London is a pretty hard place to live even for us
So, what does this all mean? When it comes to foxes, Morton says ‘It’s not a one size fits all’ situation. ‘I think their decisions are very specific to certain things. It could be that city foxes are not bold in the first instance because they’re guarded and that protects them from risk. But maybe they quickly learn to overcome that,’ he says. ‘Fox decision-making is far more nuanced than the sweeping generalisation that a city fox is a bold fox.’
Clearly, more research is needed to get into the minds of these inquisitive creatures. If you are noticing more foxes, it might be that your neighbours are feeding them. ‘Foxes want natural prey as well as the odd McDonald’s,’ says Williams. ‘People tend to think that nothing can survive without them. But don’t put out a three-course meal every night – the foxes might take surplus food away and bury it in somebody else’s garden. You could be upsetting your neighbour because not everybody likes having foxes around.’

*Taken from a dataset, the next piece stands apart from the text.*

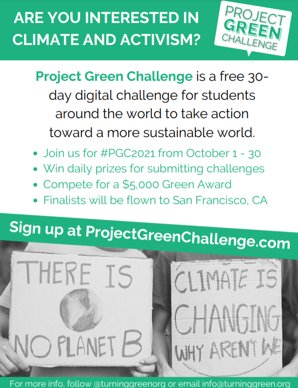 It's not too late! Sign up for a new daily eco-challenge with Project Green Challenge!PGC is 30-days of challenges that center on environmental issues, social & climate justice, public health, and climate advocacy for students around the globe.

It’s true that some Londoners get riled by foxes. After all, they have a habit of leaving random shoes on your doorstep or waking you up at night with their screeching. But perhaps everyone, fox-lover or not, should at least admire the tenacity of these plucky characters. ‘Learn to celebrate an animal that has adapted so well to the city,’ says Frith. ‘It takes a fair degree of physiological and psychological tolerance and plasticity. London is a pretty hard place to live even for us, but here you’ve got a primary carnivore that has made the city its home. Even after the thousands I’ve seen, I think they’re marvellous animals.’